2. The receptacle as recited in claim 1, wherein said alternative signaling includes an auxiliary voltage different from any voltage carried by said standard USB signaling.
3. An apparatus adaptable for interfacing with an enhanced Universal Serial Bus (“USB”) connector and cable, said apparatus comprising:
first circuitry providing standard USB signaling;
a first socket, coupled to said first circuitry, for interfacing with a USB connector to thereby transfer said standard USB signaling to the USB connector;
second circuitry providing alternative signaling other than said standard USB signaling; and
a second socket, coupled to said second circuitry, for interfacing with an alternative connector to thereby transfer said alternative signaling from said second circuitry to said alternative connector.
4. The apparatus as recited in claim 3, wherein said alternative signaling includes an auxiliary voltage different from any voltage carried by said standard USB signaling.
5. The apparatus as recited in claim 3 further comprising means for preventing said USB connector from coupling with said second socket.
6. The apparatus as recited in claim 5 wherein said preventing means is a keyed hole in a chassis containing said first socket.
7. The apparatus as recited in claim 6, wherein said alternative connector is configured so that said keyed hole permits passage of said alternative connector therethrough in order to mate with said second socket.
8. The apparatus as recited in claim 7, wherein said keyed hole permits only a polarized coupling of said alternative connector with said second socket.

This is a divisional of U.S. patent application Ser. No. 08/807,493 filed Feb. 27, 1997 U.S. Pat. No. 6,086,430.

This application for patent is related to co-pending U.S. patent application Ser. No. 08/842,695, which is hereby incorporated by reference herein.


The present invention relates to supplying various voltages and power levels via a standard bus interface. More particularly, it relates to an apparatus for supplying multiple voltages via a Universal Serial Bus compatible interface.


Recently, personal computers (“PCs”) used a variety of techniques for providing input and output. These included a serial port, usually an RS232, a parallel port and several ISA expansion slots included on the mother board. Connecting the PCs to anything more complicated than a mouse, modem or printer, required the lid to be removed and dip switches to be set and software configured. SCSI (small computer systems interface) permitted access to external storage devices, but required a large cable connector with the need to manually set ID numbers and have a terminator.

Referring to FIG. 1, Universal Serial Bus (“USB”) is specified to be an industry standard extension to the PC architecture with a focus on computer telephony interface, consumer and productivity applications. The USB architecture provides for ease of use of peripheral expansion, transfer rates up to 12 megabits per second, protocol flexibility for mixed modes, isochronous data transfers and asynchronous massaging. USB is a cable bus supporting data transfer between the host PC and a range of simultaneously testable peripherals. One host controller can support up to 127 physical devices using a tiered topology. The hub is at the center of each star with each wire segment creating a point-to-point connection of up to 5 meters. The 5 meter limitation may be between a host and a hub or a hub function or a hub connected to another hub or function.
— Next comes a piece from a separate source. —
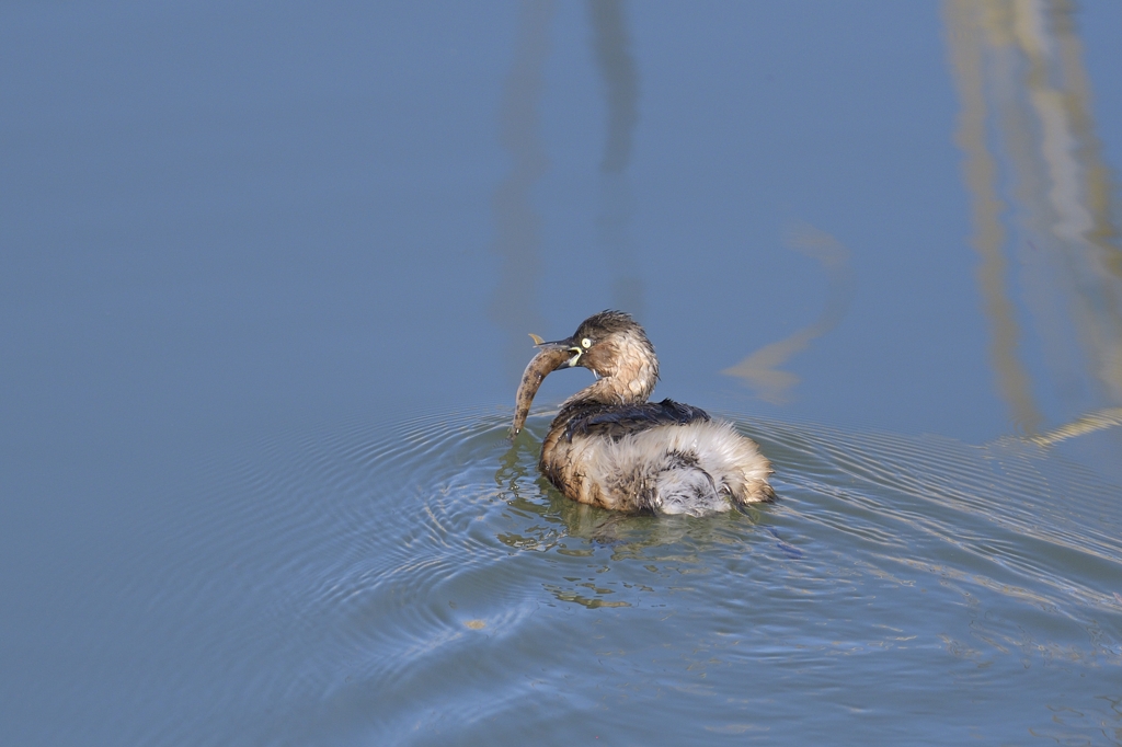 千葉の沼で見つけたカイツブリは、大きなハゼらしき魚を咥えていました。カイツブリたちは見ていてびっくりするような大きな獲物を一飲み込みで平らげます。よく喉が詰まらないものだと感心します。

Alternatively, a number of peripherals can be daisy-chained together via the 4-wire USB cable. One of the 4 wires referred to as VBUS provides a DC voltage of +5 volts and another wire provides a ground signal. The USB cable provides power to the devices along the chain. Signaling takes place over two wires between two end points. The signals of each end point are driven differentially over a 90 ohm impedance with each receiver featuring input sensitivity of at least 200 millivolts. A non-return to zero invert (NRZI) with bit stuffing to insure adequate transitions is used to carry the bus clock down the chain. A sync field precedes each data package to allow the receivers to synchronize their bit recovery clocks. The serial interface provides a maximum bandwidth of 12 megabits per second and can connect as many as 127 devices to a host system.

Physically, USB devices ranging from a mouse, joystick to telephones connect to a host via layers of multiport hubs. The requisite hub called “the root hub” is located in the host and can include multiple ports. Hubs linked to USB devices via point-to-point connections. The host views all USB devices as if they connect in a true star arrangement. USB supports both the standard devices that operate a full 12 megabit rate and low end devices that use only a 1.5 megabit sub channel. Hubs must always support 12 megabit operations and must insure that 12 megabit transmissions do not go to 1.5 megabit devices.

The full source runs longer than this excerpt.